Traditional assessment systems administer infrequently, focus on distal outcomes, and return results too late, remaining distant from the specific needs of practitioners. In contrast, practical measurement for improvement uses evidence to inform judgment about the "why," "how," and "for whom" of daily improvement.
How might educators translate the snowstorm of data into actionable insights? Through instructionally useful assessment, which facilitates educator engagement in high-leverage practices such as quality formative assessment. This includes dynamically integrating SOR curriculum, instruction, and assessment. For example, a quick phonemic awareness quiz for a small group on a Friday might help a 1st-grade teacher immediately reteach a blending skill on Monday, long before it becomes a months-long lag.
We recommend Hattie’s evidence-backed mindframes that emphasize insights into reader progress, strategies, emotions, and self-regulation rather than just status. This means prioritizing the development of 'assessment-capable learners'—students who can interpret and act on feedback to take charge of their own improvement. Odemwingie shares a practical example where reading assessments foster learner agency and self-efficacy while supporting classroom learning culture. A culture of formative assessment makes it impossible to ignore a child's needs until it's too late, serving as a continuous GPS, recalculating the route to reading success for each child.
Embracing Reader Variation: Customized Learning Powered by SAFE AI
Build Upon:
Personalization Leveraging Universal Design for Learning (UDL) and Multi-Tiered Systems of Support (MTSS)
Move Towards:
Embracing the Safe, Accountable, Fair, and Effective (SAFE) Use of AI to Achieve Person-Specific Insights and Customization
AI and person-specific measurement can reshape how we understand and nurture reading processes. AI has the potential to generate insights that:
- Customize learning, adapting to reader strengths and weaknesses, optimizing pace, accessibility, content, and scaffolding.
- Provide real-time feedback, supporting readers’ processes like motivation, attention, engagement, and metacognition.
- Leverage predictive analytics to match interventions to learner needs.
The integration of AI into assessment, while beneficial, demands a rigorous evaluation of its safety and efficacy, necessitating clear guidelines and guardrails. Duolingo’s responsible AI standards are instructive.
The Personalized Mastery Learning Ecosystem (including My Reading Academy®) has showcased significant learning gains across multiple ESSA-aligned studies. PBS KIDS uses dynamic leveling systems to adapt to individual reader motivations and needs. Khan Academy analyzes performance data—like accuracy and scaffold usage—to provide continuous, skill-level insights. Its AI-powered assistant, Khanmigo, is transforming the modalities through which insights are generated and understood. Huff, of Curriculum Associates, proposes design approaches that foster a deeper shared understanding of the reader’s cognitive processes and maintain the integrity of the reading constructs being measured.

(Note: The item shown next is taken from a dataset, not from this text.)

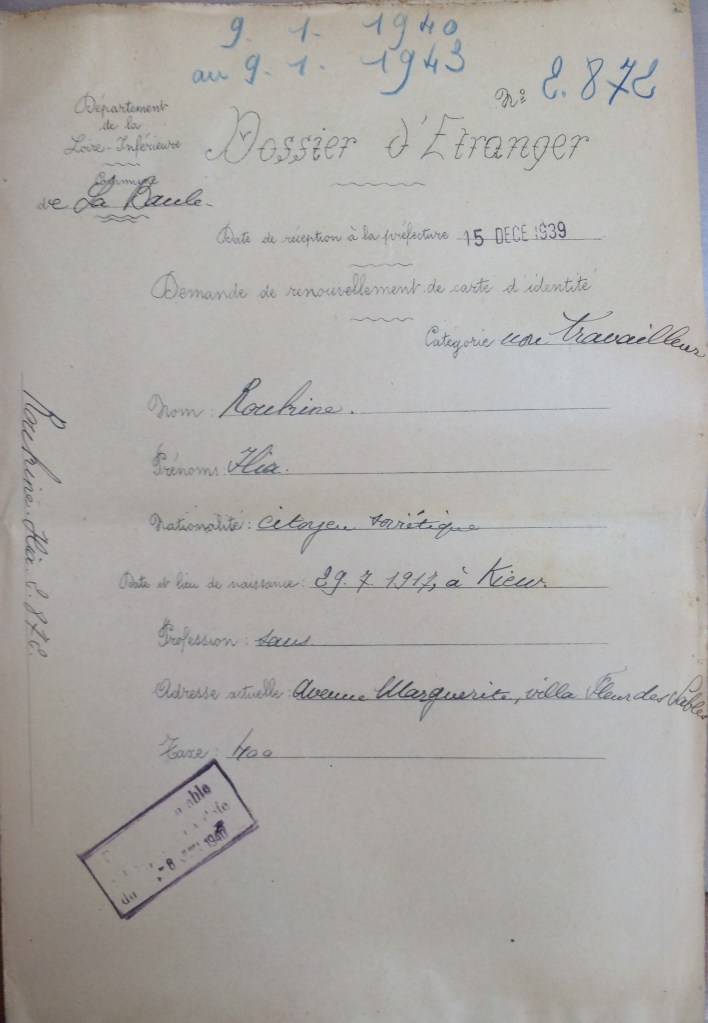 Ilya (ou Elia) ROUKINE est réfugié à La Baule (peut-être avec sa famille) entre septembre 1939 et 1940.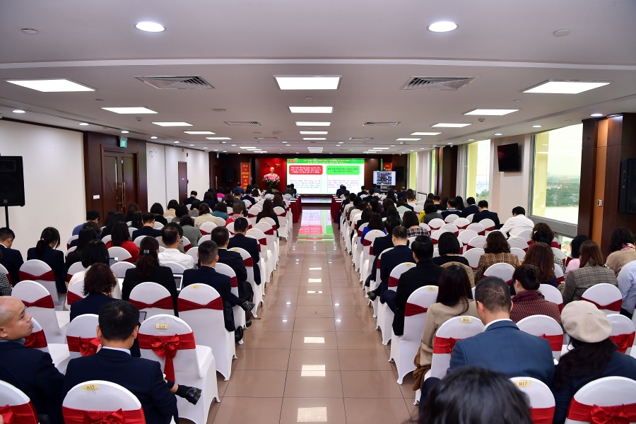Hình ảnh Hội nghị toàn quốc nghiên cứu, học tập, quán triệt, tuyên truyền Nghị quyết Hội nghị lần thứ 6 BCH Trung ương Đảng khóa XIII tại Hội trường Diên Hồng – tòa nhà Quốc hội, nhìn từ điểm cầu tại Hội trường tầng 19 – TSC Vietcombank, 198 Trần Quang Khải, Hoàn Kiếm, Hà Nội

Together, these examples reflect a rising generation of assessment: highly personalized, multi-modal, adaptive, and focused on continuously optimizing the learning journey for every student.
SOR 2.0: A Call for Assessment Systems that Cultivate Reading Ability
States and districts have a window to marry proven reading science-driven standards with efficacious implementation. The SOR wave set strong expectations; now, we must actively deploy modern, balanced assessment systems that personalize and inform reading instruction at scale. This can transform assessment from a bureaucratic speed bump into a building block for learning.
We urge three critical steps, which compliment the recommendations outlined above:
- Tie balanced assessment into SOR implementation: Ensure that SOR rollout plans include robust universal PreK–3 screeners, appropriate middle-years screeners, and revamped summative exams that integrate SOR domains.
- Invest in innovation pilots: Fund pilot programs for AI-powered literacy interventions and tutors guided by embedded assessments, and evaluate which tools best boost reading gains.
- Incentivize innovation with accountability: Create policies that encourage school systems to try new assessment models while holding them accountable for transparent, real-time learning.
The payoff is clear: confident third-grade readers, engaged middle-schoolers, and graduates prepared for the future of work. As our first author has long championed, assessment must be re-purposed to facilitate the cultivation of ability and actively support the learning process, not just audit outcomes after the fact. By embracing this vision, honoring the strength of the learning sciences and potential AI, together we can help to secure literacy and flourishing for more children.
Unpacking References and Excerpts
To best support educators, states and school systems must establish balanced assessment systems designed to maximize learning for every child.
Marion, S. F., & Evans, C. M. (2025). Conceptualizing and evaluating instructionally useful assessments. In E. M. Tucker, E. Armour-Thomas, & E. W. Gordon (Eds.), Handbook for assessment in the service of learning, Volume I: Foundations for assessment in the service of learning. University of Massachusetts Amherst Libraries.
Scott Marion and Carla Evans write:
“In the recent National Academy of Education publication, Reimagining Balanced Assessment Systems (Marion et al., 2024), the authors focus on rebalancing assessment systems to privilege rich classroom learning environments. The first part of the updated definition makes this point: Balanced assessment systems and practices, as conceived by this volume’s authors, are intentionally designed to provide feedback to students and information for teachers to support ambitious and equitable instructional and learning opportunities. This type of assessment system facilitates educator engagement in high-leverage professional practices such as quality formative assessment to support ambitious and equitable teaching (Marion et al., 2024, p. 2).”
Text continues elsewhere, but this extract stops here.